### [What you should do]
Please write out exactly the lines of the data below from the line holding "Read MorePemerintah Desa" through the line holding "През октомври 2025", and leave out the rest.

Items listed in a dataset:
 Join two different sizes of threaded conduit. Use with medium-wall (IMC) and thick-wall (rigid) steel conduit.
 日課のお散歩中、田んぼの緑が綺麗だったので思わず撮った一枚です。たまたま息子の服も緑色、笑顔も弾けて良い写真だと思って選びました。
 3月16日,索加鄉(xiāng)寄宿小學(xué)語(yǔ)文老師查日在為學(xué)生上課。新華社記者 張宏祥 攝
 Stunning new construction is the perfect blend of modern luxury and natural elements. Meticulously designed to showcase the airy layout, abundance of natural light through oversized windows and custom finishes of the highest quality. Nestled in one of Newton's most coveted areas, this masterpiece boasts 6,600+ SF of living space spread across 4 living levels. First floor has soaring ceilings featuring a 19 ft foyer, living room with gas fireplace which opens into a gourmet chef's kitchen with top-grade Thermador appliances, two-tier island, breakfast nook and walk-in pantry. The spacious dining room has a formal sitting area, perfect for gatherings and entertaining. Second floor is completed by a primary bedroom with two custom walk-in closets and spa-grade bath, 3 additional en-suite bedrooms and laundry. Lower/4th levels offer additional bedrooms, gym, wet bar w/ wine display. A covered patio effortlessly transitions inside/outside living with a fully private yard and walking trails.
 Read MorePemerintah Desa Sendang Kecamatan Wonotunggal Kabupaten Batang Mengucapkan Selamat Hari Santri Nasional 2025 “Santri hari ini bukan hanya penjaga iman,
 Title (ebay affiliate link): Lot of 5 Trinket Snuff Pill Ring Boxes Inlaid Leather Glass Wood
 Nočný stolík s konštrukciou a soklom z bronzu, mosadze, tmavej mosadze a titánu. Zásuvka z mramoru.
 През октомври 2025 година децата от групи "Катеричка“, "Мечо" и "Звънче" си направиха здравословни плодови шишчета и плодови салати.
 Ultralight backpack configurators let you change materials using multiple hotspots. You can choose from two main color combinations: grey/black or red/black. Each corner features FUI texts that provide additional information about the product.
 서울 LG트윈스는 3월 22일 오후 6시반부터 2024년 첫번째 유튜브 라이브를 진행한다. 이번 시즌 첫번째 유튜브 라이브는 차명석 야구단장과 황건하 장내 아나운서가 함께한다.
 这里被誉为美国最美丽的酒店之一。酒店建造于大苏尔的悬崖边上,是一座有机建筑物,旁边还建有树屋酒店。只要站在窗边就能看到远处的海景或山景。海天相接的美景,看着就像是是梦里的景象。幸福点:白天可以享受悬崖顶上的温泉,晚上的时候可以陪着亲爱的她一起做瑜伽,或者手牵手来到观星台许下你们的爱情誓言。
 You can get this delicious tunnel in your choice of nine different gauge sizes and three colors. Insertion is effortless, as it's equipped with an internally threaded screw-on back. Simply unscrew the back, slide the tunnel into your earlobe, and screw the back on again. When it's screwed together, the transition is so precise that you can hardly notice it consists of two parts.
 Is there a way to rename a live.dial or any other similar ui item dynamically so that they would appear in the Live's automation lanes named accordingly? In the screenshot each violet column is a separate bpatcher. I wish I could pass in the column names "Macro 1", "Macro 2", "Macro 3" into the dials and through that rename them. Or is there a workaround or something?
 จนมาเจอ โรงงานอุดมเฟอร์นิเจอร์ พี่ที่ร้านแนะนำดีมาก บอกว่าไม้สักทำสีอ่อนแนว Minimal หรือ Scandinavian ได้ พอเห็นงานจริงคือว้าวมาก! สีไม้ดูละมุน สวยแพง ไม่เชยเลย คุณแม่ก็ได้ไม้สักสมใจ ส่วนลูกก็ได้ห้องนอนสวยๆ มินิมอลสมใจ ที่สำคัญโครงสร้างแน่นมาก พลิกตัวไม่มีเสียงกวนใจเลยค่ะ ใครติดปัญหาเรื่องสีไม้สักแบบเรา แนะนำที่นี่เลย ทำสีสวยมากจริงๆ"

### [Reply]
 Read MorePemerintah Desa Sendang Kecamatan Wonotunggal Kabupaten Batang Mengucapkan Selamat Hari Santri Nasional 2025 “Santri hari ini bukan hanya penjaga iman,
 Title (ebay affiliate link): Lot of 5 Trinket Snuff Pill Ring Boxes Inlaid Leather Glass Wood
 Nočný stolík s konštrukciou a soklom z bronzu, mosadze, tmavej mosadze a titánu. Zásuvka z mramoru.
 През октомври 2025 година децата от групи "Катеричка“, "Мечо" и "Звънче" си направиха здравословни плодови шишчета и плодови салати.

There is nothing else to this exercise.